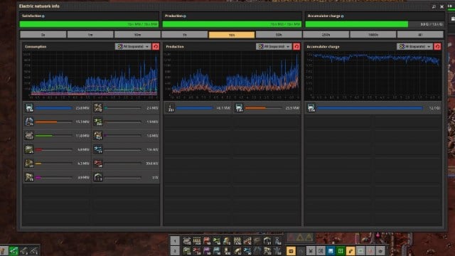 Siempre querrás ver la información de la red eléctrica abriendo cualquiera de tus líneas eléctricas. Presta atención a los picos de energía y asegúrate de tener suficiente. Una buena medida es ver que las líneas azules cuadriplican todo lo demás en su red. Si no tienes una gran línea de producción, no te quedarás sin energía. E incluso si tienes una fábrica grande, siempre que llenes 1/6 de la isla en acumuladores y tengas cada centímetro cubierto con pararrayos, deberías estar bien.
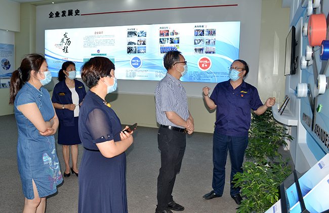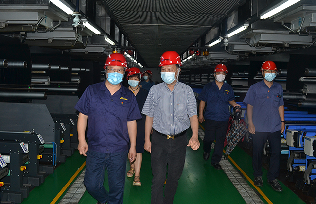 張仲文一行先后參觀了公司產(chǎn)品展廳、八期生產(chǎn)線、研發(fā)中心,公司總經(jīng)理張斌對我公司的發(fā)展歷程,差別化產(chǎn)品、戰(zhàn)略優(yōu)勢等進行了詳細介紹,張仲文對我公司低溫?zé)嵴澈习本]、抗菌氨綸、驅(qū)蚊氨綸及氨綸生產(chǎn)全流程自動化、智能化生產(chǎn)線等給予了高度評價。
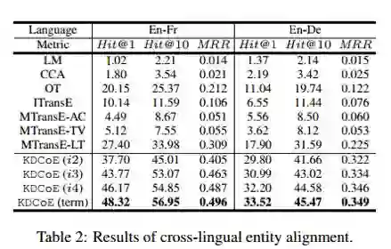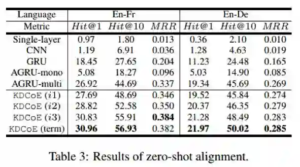 (2)证明KDCoE在Zero-shot实体对齐以及跨语言知识图谱补全(Cross-lingual KG Completion)任务上的有效性;
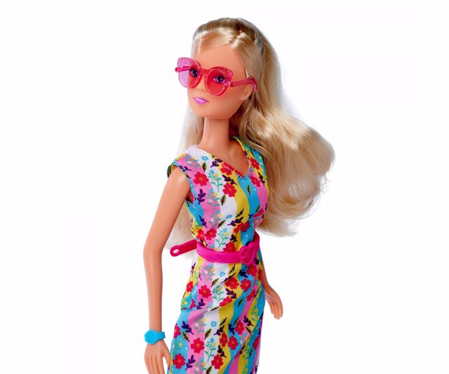 Steffi geziye gidiyor ve güneş gözlüklü uzun renkli bir
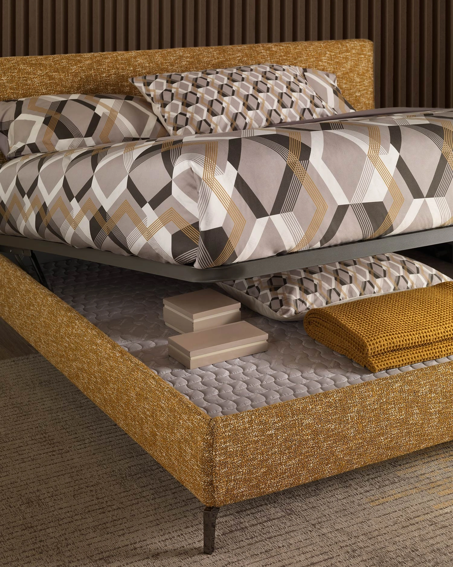 Qualità dei materiali e grande comfort sono gli ingredienti che connotano tutti i prodotti della marca, tra cui anche il letto in tessuto nell'immagine. Scopri in negozio un ricco catalogo di Letti con contenitore, mobili ed elementi accessori per la zona del riposo dei migliori brand. Se desideri progettare spazi moderni, ti aspettiamo per illustrarti la nostra design di Arredamento Casa per realizzare il tuo concept su misura. Con il Letto Soul Miage di Altrenotti del noto e rinomato marchio, leader del settore, potrai arricchire la tua zona notte assicurandoti comfort, funzionalità e un design pulito.
======
• _Exercise goal_: All of the material above should be copied exactly, minus the pictures.

• _Answer to the problem_:
 Siempre querrás ver la información de la red eléctrica abriendo cualquiera de tus líneas eléctricas. Presta atención a los picos de energía y asegúrate de tener suficiente. Una buena medida es ver que las líneas azules cuadriplican todo lo demás en su red. Si no tienes una gran línea de producción, no te quedarás sin energía. E incluso si tienes una fábrica grande, siempre que llenes 1/6 de la isla en acumuladores y tengas cada centímetro cubierto con pararrayos, deberías estar bien.
 張仲文一行先后參觀了公司產(chǎn)品展廳、八期生產(chǎn)線、研發(fā)中心,公司總經(jīng)理張斌對我公司的發(fā)展歷程,差別化產(chǎn)品、戰(zhàn)略優(yōu)勢等進行了詳細介紹,張仲文對我公司低溫?zé)嵴澈习本]、抗菌氨綸、驅(qū)蚊氨綸及氨綸生產(chǎn)全流程自動化、智能化生產(chǎn)線等給予了高度評價。
 (2)证明KDCoE在Zero-shot实体对齐以及跨语言知识图谱补全(Cross-lingual KG Completion)任务上的有效性;
 Steffi geziye gidiyor ve güneş gözlüklü uzun renkli bir
 Qualità dei materiali e grande comfort sono gli ingredienti che connotano tutti i prodotti della marca, tra cui anche il letto in tessuto nell'immagine. Scopri in negozio un ricco catalogo di Letti con contenitore, mobili ed elementi accessori per la zona del riposo dei migliori brand. Se desideri progettare spazi moderni, ti aspettiamo per illustrarti la nostra design di Arredamento Casa per realizzare il tuo concept su misura. Con il Letto Soul Miage di Altrenotti del noto e rinomato marchio, leader del settore, potrai arricchire la tua zona notte assicurandoti comfort, funzionalità e un design pulito.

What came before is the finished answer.